Mehdi Tazi : Les relations Maroc-France s’ouvrent sur une ère de co-construction et de coopération stratégique

À l’aube de la visite d’État d’Emmanuel Macron au Maroc, Medi1 TV a offert une édition spéciale de Questions d’actu, plongeant au cœur des enjeux économiques et politiques qui redessinent le partenariat entre Rabat et Paris. Sous la houlette de Khadija Ihsane, Mehdi Tazi, Vice-président général de la CGEM, a livré un éclairage précis et stratégique sur l’évolution des relations entre les deux nations. En revisitant les liens historiques profonds qui unissent le Maroc et la France, il a montré comment, portées par de récentes avancées politiques majeures, ces relations s’ouvrent désormais sur une ère de co-construction audacieuse et de coopération stratégique.

Dès le début de son intervention, Mehdi Tazi a rappelé l’importance des liens économiques qui unissent le Maroc et la France. « Les relations sont évidemment séculaires », a-t-il affirmé, en soulignant que plus de 1 200 entreprises françaises opèrent au Maroc, tandis que les investissements marocains en France continuent de croître, atteignant 1,5 milliard d’euros ces dix dernières années.

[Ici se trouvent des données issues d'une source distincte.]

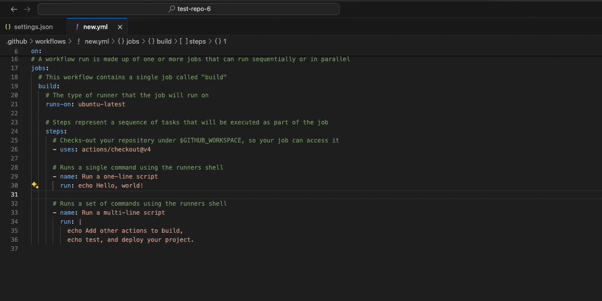 This setting will prevent auto-indentation on paste for YAML files. You’ll notice that there’s 2 blocks: the [yaml] block and the [github-actions-workflow] block. If you have the VS Code extension for GitHub Actions, the [github-actions-workflow] is required. With this, you can set different settings GitHub Action YAML files and other YAML files.

Toutefois, il a admis que les échanges économiques avaient subi un ralentissement ces dernières années, notamment en raison des tensions diplomatiques. Cependant, il a noté que les bases solides de cette relation ont permis un redémarrage rapide. « Très clairement, on sent une vraie accélération de l’envie depuis la rentrée », a-t-il déclaré, pointant un regain d’intérêt mutuel entre les deux pays.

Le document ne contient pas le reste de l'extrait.